Each entry below must be repeated exactly, with pictures left out.
--- Input material ---
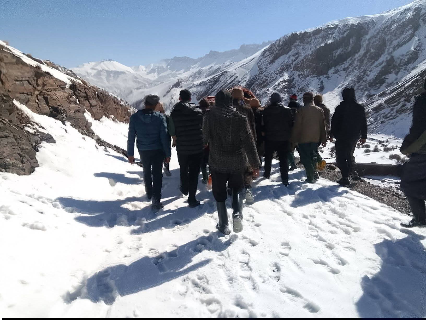وحسب معطيات ميدانية أوردها الناشط الجمعوي مصطفى المليح، فقد ظل المريض يئن من الألم منذ يوم الخميس في ظل ظروف مناخية قاسية، ومع انقطاع المسالك الطرقية لأزيد من ثلاثة أشهر، لم يجد رجال الدوار من حل سوى ربط المريض بالحبال داخل "نعش" خشبي وضمان تثبيته، ثم حمله على الأكتاف لمسافة تزيد عن 5 كيلومترات عبر مسالك وعرة وصولاً إلى منطقة "تاجگاگالت".
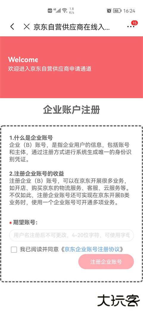 注册并登录京东账号,根据要求填写信息,并上传相关资质
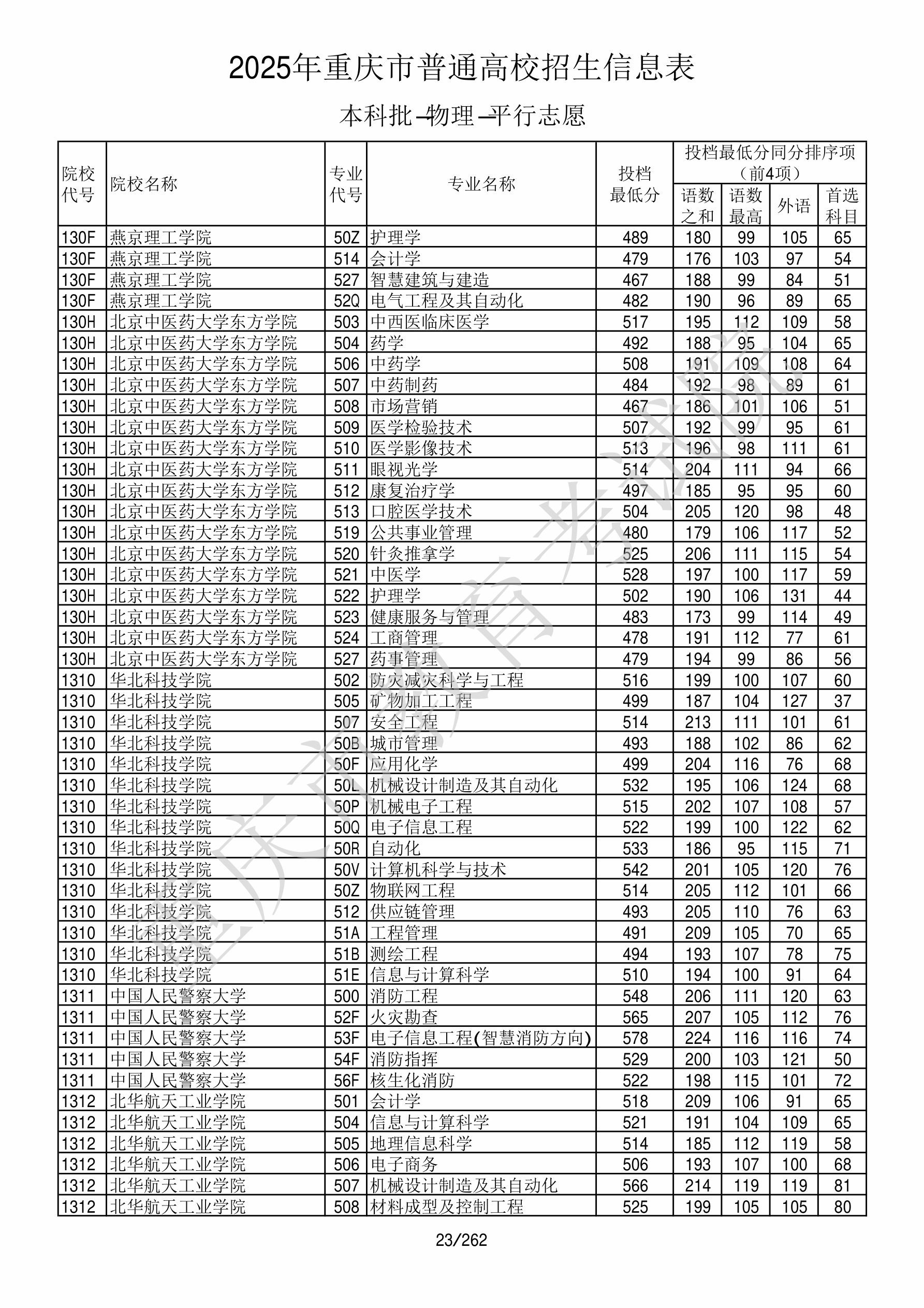 2025年重庆高考普通类本科批 燕京理工学院 的 电气工程及其自动化 专业录取分数溯源信息
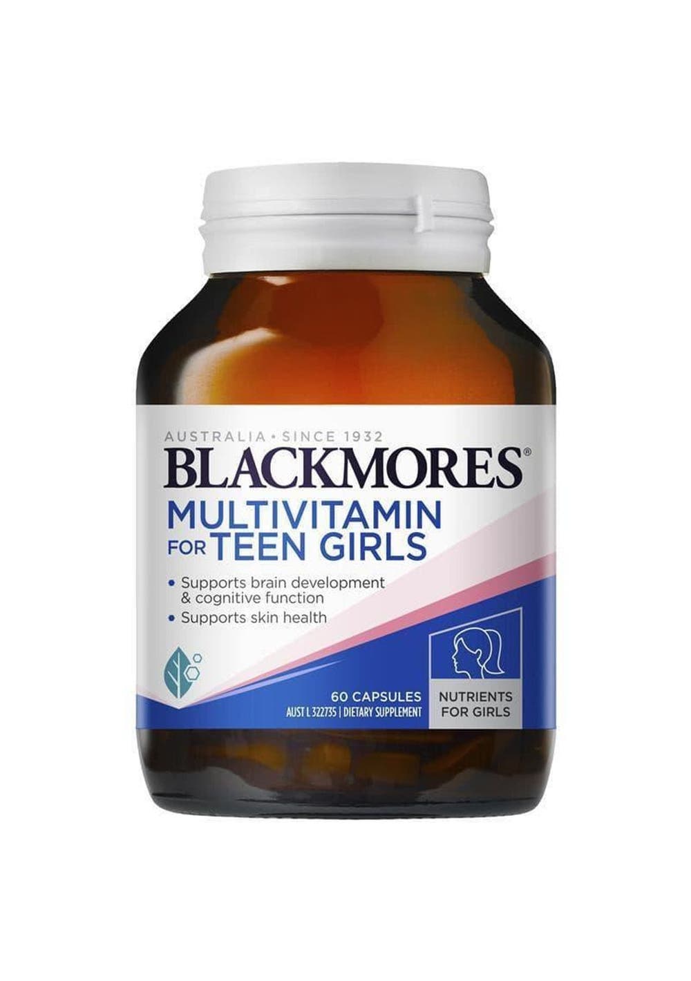Description Teenage years are critical years for the development of body and teenagers can often have poor eating habits, which may make them vulnerable to nutritional shortfalls.Blackmores Multivitamin for Teen Girls is formulated with essential nutrients to support healthy growth and development for teenage Girls. Ingredients Active Ingredients: Fish oil (natural) 286 mgcontaining omega-3 marine triglycerides 85.8 mg as:Eicosapentaenoic acid (EPA) 51.5 mgDocosahexaenoic acid (DHA) 34.3 mgPotassium iodide 197 microgram (iodine 150 microgram)Ferrous fumarate 5.7 mg (iron 5 mg)Zinc sulfate monohydrate 41.6 mg (zinc 15 mg)Cyanocobalamin (vitamin B12) 2 microgramDunaliella salina extract soft conc. 75 mg equiv. to fresh cell 75 mg(stand. to carotenoids 3 mg calculated as betacarotene)Thiamine nitrate 1.36 mg (thiamine, vitamin B1 1.1 mg)Riboflavin (vitamin B2) 1.1 mgNicotinamide (vitamin B3) 14 mgCalcium pantothenate 4.36 mg (pantothenic acid, vitamin B5 4 mg)Pyridoxine hydrochloride 1.5 mg (pyridoxine, vitamin B6 1.23 mg)Folic acid 200 microgramAscorbic acid (vitamin C) 40 mgColecalciferol (vitamin D3 200IU) 5 microgramd-alpha-tocopherol 8.72 mg (vitamin E 13 IU)Biotin 25 microgramCalcium carbonate 17.5 mg (calcium 7 mg)Chromium picolinate 193 microgram (chromium 24 microgram)Heavy magnesium oxide 59.8 mg (magnesium 36 mg)High selenium yeast 50 mg (selenium 50 microgram)Colloidal anhydrous silica 23.5 mg (silicon 11 mg) Suggested Use Children 12 years and over - Take 1 capsule daily with a meal, or as professionally prescribedChildren under 12 years – Only as professionally prescribed. Additional Product Information Warning: Always read the label Use only as directed Supplements may only be of assistance if dietary intake is inadequate This product contains selenium, which is toxic in high doses. A daily dose of 150 micrograms for adults of selenium from dietary supplements should not be exceeded Contains sulphites, fish and soya bean products If you have any pre-existing conditions, or are on any medications always talk to your health professional before use Some products should be ceased at least two weeks before any elective surgery, please confirm with your health professional
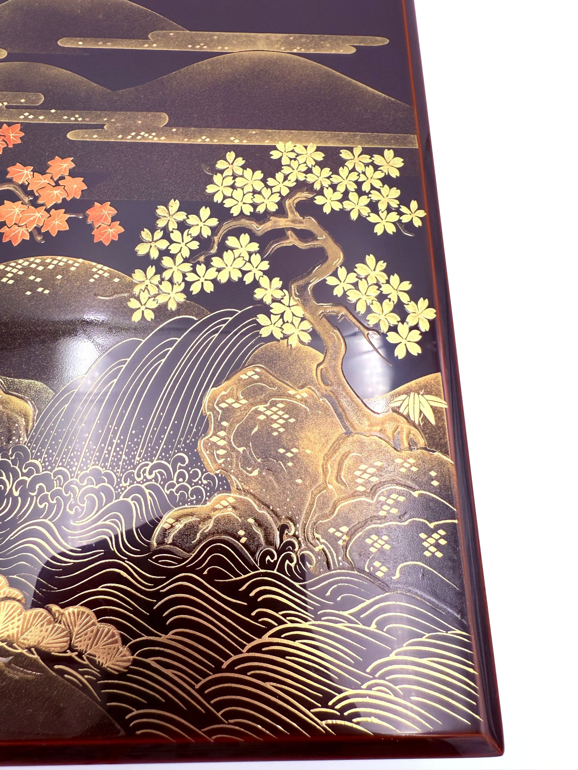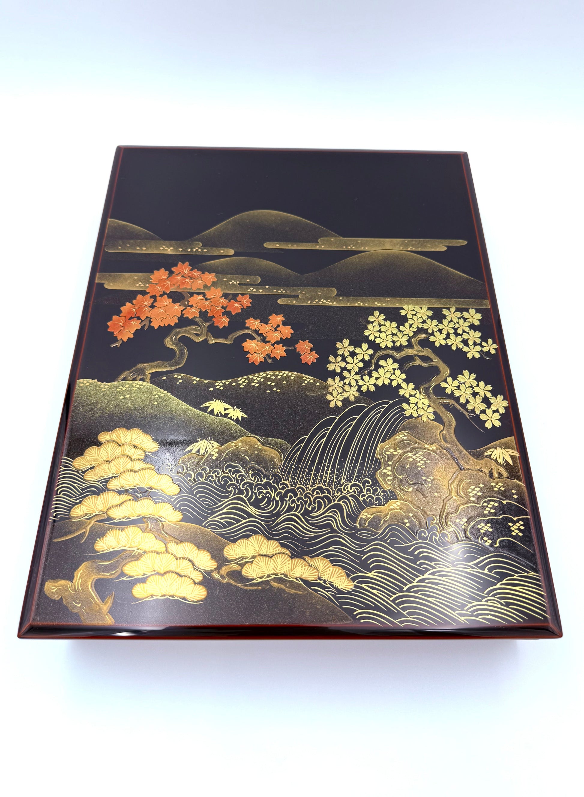 The design features a hand-painted maki-e landscape, delicately applied with gold and colored powders to depict mountains, flowing water, and seasonal motifs. Each line is drawn with precision, reflecting the depth and sophistication of traditional Japanese aesthetics.
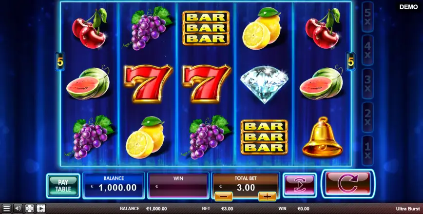 Ultra Burst presenta una variedad de símbolos tradicionales que son muy familiares para los entusiastas de las tragaperras. Entre estos símbolos se encuentran diamantes, campanas, números 7 en rojo, así como una serie de frutas como cerezas, limones, sandías y uvas. Cada uno de estos símbolos no solo aporta al atractivo visual del juego, sino que también desempeña un papel fundamental en la generación de combinaciones ganadoras, influyendo así en las recompensas que pueden obtenerse.
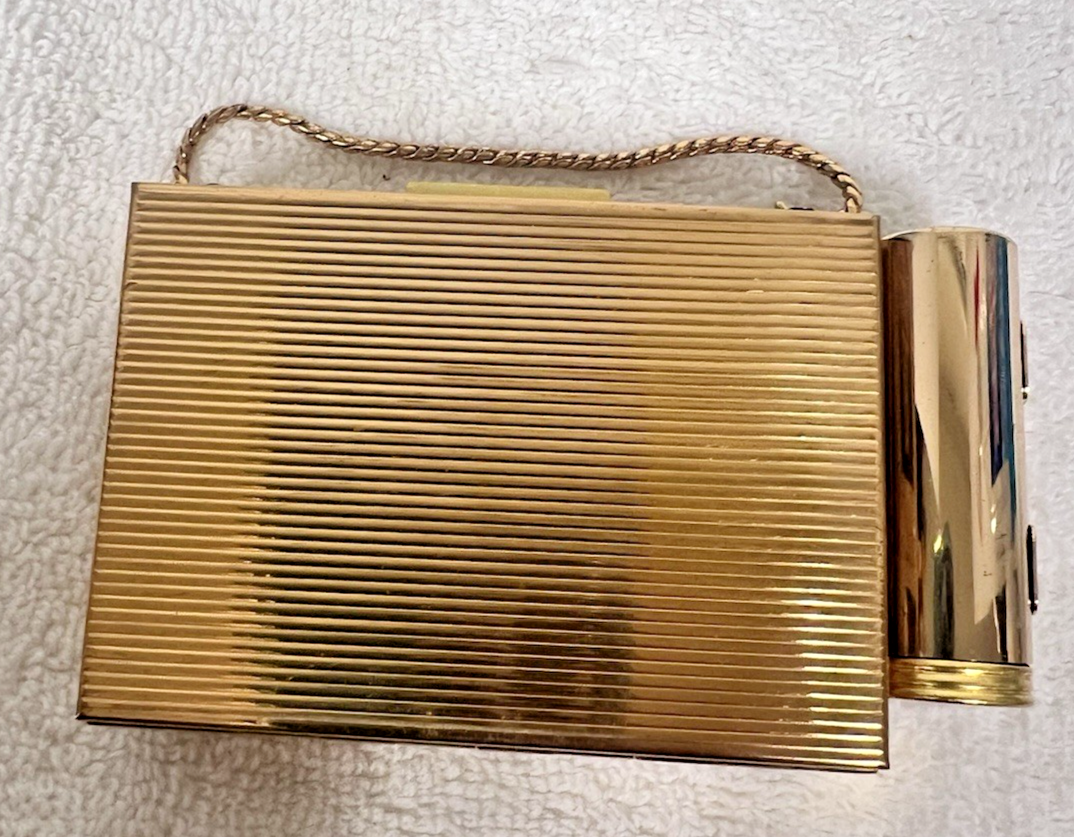 The case wo the lipstick measures 3 1/8 x 2 1/4 x 7/8. The lipstick was never used the powder side also never used with a screen and puff and the other side for possibly money? The little chain to hold it by is about a 2-inch drop Zell is the maker (on the puff and box)
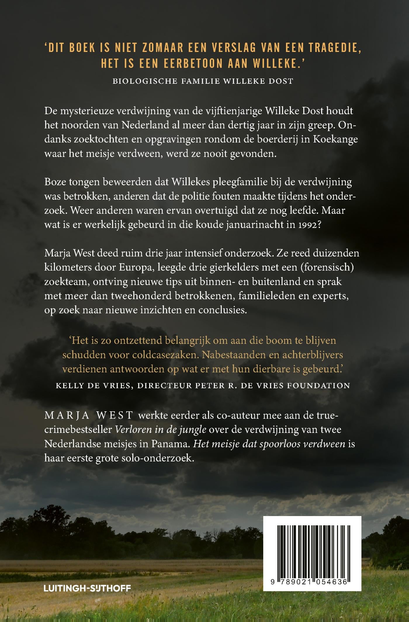 De mysterieuze verdwijning van Willeke Dost is na dertig jaar nog altijd niet opgelost, ondanks meerdere zoektochten en opgravingen rondom de boerderij in Koekange waar het meisje verdween. Marja West kreeg inzage in dossiers en sprak met getuigen, experts, familie en mensen uit de kring van het meisje die al dertig jaar zwijgen. Is Willekes pleegfamilie bij de verdwijning betrokken, zoals de Zoekgroep Willeke Dost denkt? Maakte de politie werkelijk fouten? Vertrok het meisje vrijwillig en leeft ze nog? Of is er iets heel anders gebeurd in die koude januarinacht in 1992?
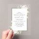 Presenting a beautifully framed acrylic wedding invitation adorned with elegant ivory and sage floral accents, perfect for a sophisticated wedding celebration. This design highlights a delicate floral frame around your wedding details, offering a refined, botanical touch. Ideal for spring and summer weddings, it blends timeless elegance with a modern acrylic format, creating an unforgettable invitation for your special day.
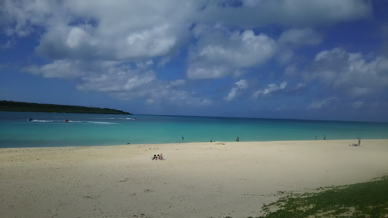 噂に違わぬブルーとグリーンの海は本当に綺麗でした。砂がきめ細かく、波打ち際でも水が透明なのには驚きです。
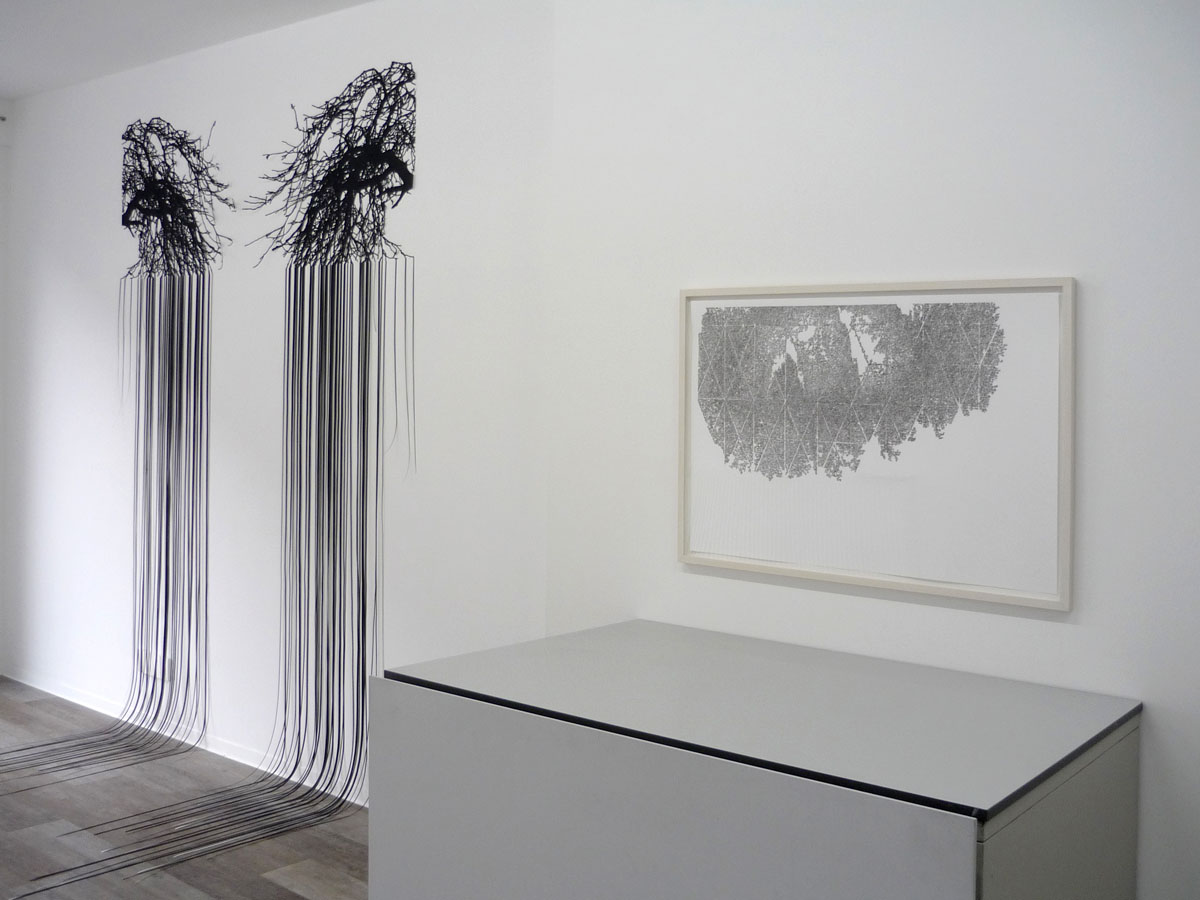 Ein Konvolut kleinformatiger, gezeichneter Erinnerungsorte bildet dabei die Basis ihres Schaffens. Diese haben bereits einen Prozess der Transformation auf etwas Wesentliches durchlaufen und bilden in ihrer Konzentration intime Destillate des Gewesenen. Gleichzeitig können sie auch Ausgangspunkt sein, für komplexe Bildkonzeptionen bis hin zu Raum füllenden, skulpturalen Installationen.
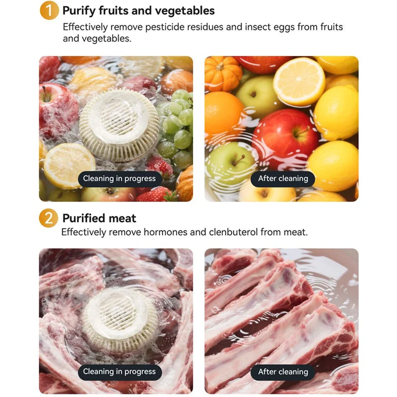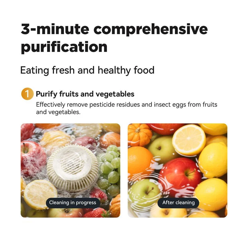 Rapid purification: This device uses hydroxide water ion technology to quickly and efficiently clean produce, saving both time and labor during meal preparation.
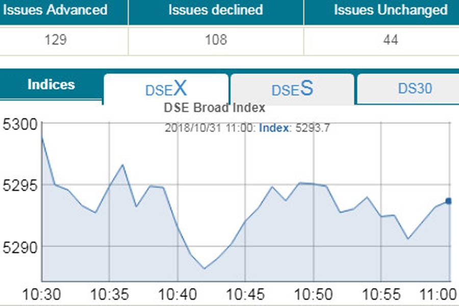Of the issues traded till then, 36 gained, 32 declined and 10 issues remained unchanged with Tk 30 million in turnover.
---
> **Exercise response**:
وحسب معطيات ميدانية أوردها الناشط الجمعوي مصطفى المليح، فقد ظل المريض يئن من الألم منذ يوم الخميس في ظل ظروف مناخية قاسية، ومع انقطاع المسالك الطرقية لأزيد من ثلاثة أشهر، لم يجد رجال الدوار من حل سوى ربط المريض بالحبال داخل "نعش" خشبي وضمان تثبيته، ثم حمله على الأكتاف لمسافة تزيد عن 5 كيلومترات عبر مسالك وعرة وصولاً إلى منطقة "تاجگاگالت".
 注册并登录京东账号,根据要求填写信息,并上传相关资质
 2025年重庆高考普通类本科批 燕京理工学院 的 电气工程及其自动化 专业录取分数溯源信息
Description Teenage years are critical years for the development of body and teenagers can often have poor eating habits, which may make them vulnerable to nutritional shortfalls.Blackmores Multivitamin for Teen Girls is formulated with essential nutrients to support healthy growth and development for teenage Girls. Ingredients Active Ingredients: Fish oil (natural) 286 mgcontaining omega-3 marine triglycerides 85.8 mg as:Eicosapentaenoic acid (EPA) 51.5 mgDocosahexaenoic acid (DHA) 34.3 mgPotassium iodide 197 microgram (iodine 150 microgram)Ferrous fumarate 5.7 mg (iron 5 mg)Zinc sulfate monohydrate 41.6 mg (zinc 15 mg)Cyanocobalamin (vitamin B12) 2 microgramDunaliella salina extract soft conc. 75 mg equiv. to fresh cell 75 mg(stand. to carotenoids 3 mg calculated as betacarotene)Thiamine nitrate 1.36 mg (thiamine, vitamin B1 1.1 mg)Riboflavin (vitamin B2) 1.1 mgNicotinamide (vitamin B3) 14 mgCalcium pantothenate 4.36 mg (pantothenic acid, vitamin B5 4 mg)Pyridoxine hydrochloride 1.5 mg (pyridoxine, vitamin B6 1.23 mg)Folic acid 200 microgramAscorbic acid (vitamin C) 40 mgColecalciferol (vitamin D3 200IU) 5 microgramd-alpha-tocopherol 8.72 mg (vitamin E 13 IU)Biotin 25 microgramCalcium carbonate 17.5 mg (calcium 7 mg)Chromium picolinate 193 microgram (chromium 24 microgram)Heavy magnesium oxide 59.8 mg (magnesium 36 mg)High selenium yeast 50 mg (selenium 50 microgram)Colloidal anhydrous silica 23.5 mg (silicon 11 mg) Suggested Use Children 12 years and over - Take 1 capsule daily with a meal, or as professionally prescribedChildren under 12 years – Only as professionally prescribed. Additional Product Information Warning: Always read the label Use only as directed Supplements may only be of assistance if dietary intake is inadequate This product contains selenium, which is toxic in high doses. A daily dose of 150 micrograms for adults of selenium from dietary supplements should not be exceeded Contains sulphites, fish and soya bean products If you have any pre-existing conditions, or are on any medications always talk to your health professional before use Some products should be ceased at least two weeks before any elective surgery, please confirm with your health professional
 The design features a hand-painted maki-e landscape, delicately applied with gold and colored powders to depict mountains, flowing water, and seasonal motifs. Each line is drawn with precision, reflecting the depth and sophistication of traditional Japanese aesthetics.
 Ultra Burst presenta una variedad de símbolos tradicionales que son muy familiares para los entusiastas de las tragaperras. Entre estos símbolos se encuentran diamantes, campanas, números 7 en rojo, así como una serie de frutas como cerezas, limones, sandías y uvas. Cada uno de estos símbolos no solo aporta al atractivo visual del juego, sino que también desempeña un papel fundamental en la generación de combinaciones ganadoras, influyendo así en las recompensas que pueden obtenerse.
 The case wo the lipstick measures 3 1/8 x 2 1/4 x 7/8. The lipstick was never used the powder side also never used with a screen and puff and the other side for possibly money? The little chain to hold it by is about a 2-inch drop Zell is the maker (on the puff and box)
 De mysterieuze verdwijning van Willeke Dost is na dertig jaar nog altijd niet opgelost, ondanks meerdere zoektochten en opgravingen rondom de boerderij in Koekange waar het meisje verdween. Marja West kreeg inzage in dossiers en sprak met getuigen, experts, familie en mensen uit de kring van het meisje die al dertig jaar zwijgen. Is Willekes pleegfamilie bij de verdwijning betrokken, zoals de Zoekgroep Willeke Dost denkt? Maakte de politie werkelijk fouten? Vertrok het meisje vrijwillig en leeft ze nog? Of is er iets heel anders gebeurd in die koude januarinacht in 1992?
 Presenting a beautifully framed acrylic wedding invitation adorned with elegant ivory and sage floral accents, perfect for a sophisticated wedding celebration. This design highlights a delicate floral frame around your wedding details, offering a refined, botanical touch. Ideal for spring and summer weddings, it blends timeless elegance with a modern acrylic format, creating an unforgettable invitation for your special day.
 噂に違わぬブルーとグリーンの海は本当に綺麗でした。砂がきめ細かく、波打ち際でも水が透明なのには驚きです。
 Ein Konvolut kleinformatiger, gezeichneter Erinnerungsorte bildet dabei die Basis ihres Schaffens. Diese haben bereits einen Prozess der Transformation auf etwas Wesentliches durchlaufen und bilden in ihrer Konzentration intime Destillate des Gewesenen. Gleichzeitig können sie auch Ausgangspunkt sein, für komplexe Bildkonzeptionen bis hin zu Raum füllenden, skulpturalen Installationen.
 Rapid purification: This device uses hydroxide water ion technology to quickly and efficiently clean produce, saving both time and labor during meal preparation.
Of the issues traded till then, 36 gained, 32 declined and 10 issues remained unchanged with Tk 30 million in turnover.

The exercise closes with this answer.